Because of injuries, the Wolf Pack has basically been playing with just seven scholarship players.
And this is also a team that lost to San Diego State by 17 points in the Mountain West Conference tournament semifinals.
- A second No. 1 seed – Xavier – also didn’t extended its season into the second weekend of the tournament.
- For the first time ever, none of the top four seeds from a regional was able to advance to the regional semifinals.
And that’s the South Regional, where No. 1 Virginia was beaten by No. 16 Maryland-Baltimore County – which was knocked by No. 9 Kansas State; No. 2 Cincinnati was tripped by Nevada; No. 3 Tennessee was toppled by No. 1 Loyola-Chicago in the second round; and No. 4 Arizona fell to Buffalo – which was then knocked off by Kentucky.
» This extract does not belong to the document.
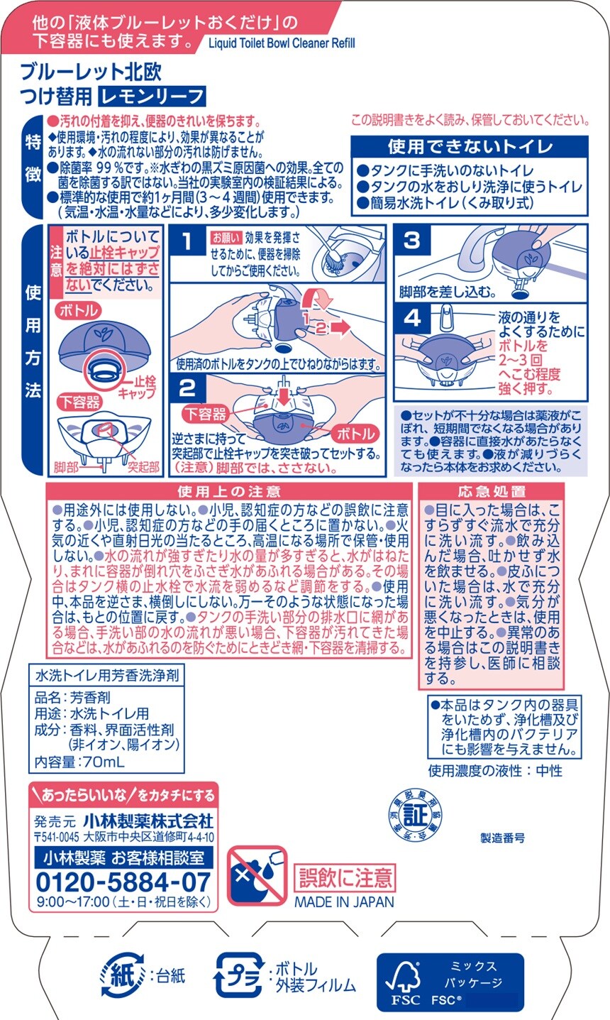- 液体ブルーレット除菌 北欧 つけ替用 レモンリーフの香り 70ml
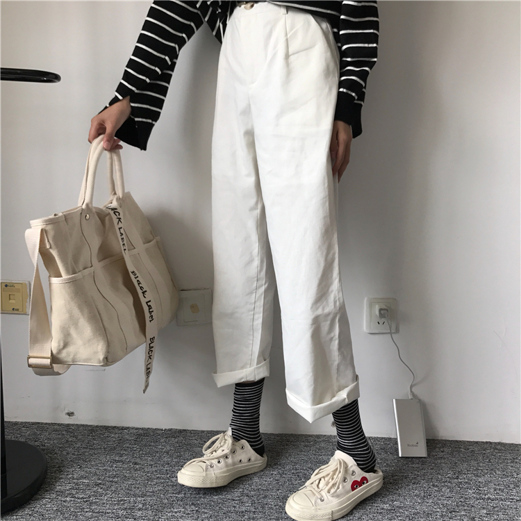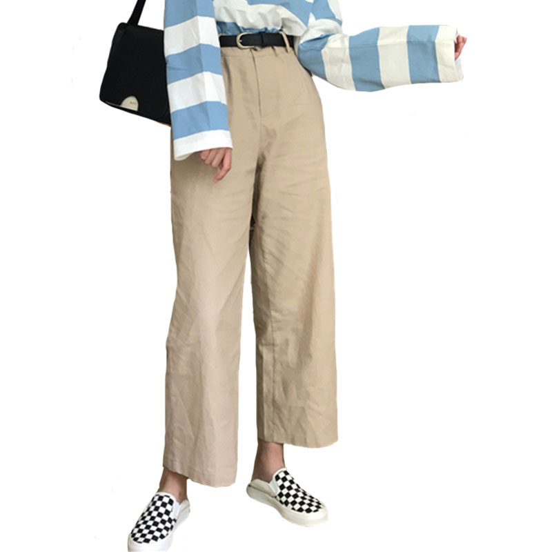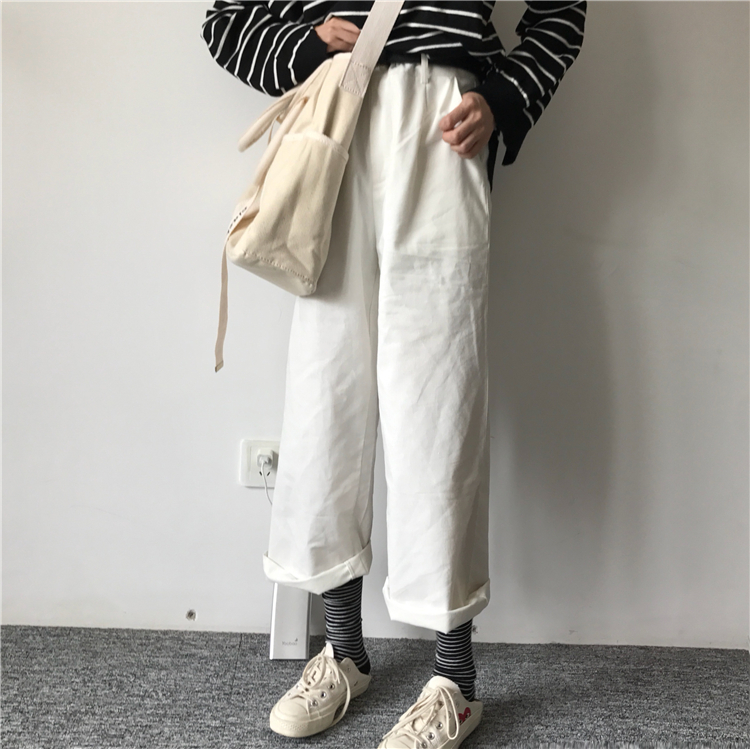 / 秋裝女裝韓版寬松百搭休閑褲顯瘦闊腿褲九分褲學生高腰直筒褲長褲

- And then, of course, there were the buzzer-beating decisions: Loyola-Chicago (over Miami) and Houston (over San Diego State) in the first round (along with Rhode Island’s OT win against Oklahoma) in the first round and Michigan (Houston seeing the tables turned on it) and Loyola-Chicago (Tennessee), again.
- Nine of the 16 semifinal game slots for Thursday and Friday are filled by programs that weren’t among the Top Four seeds in their regions.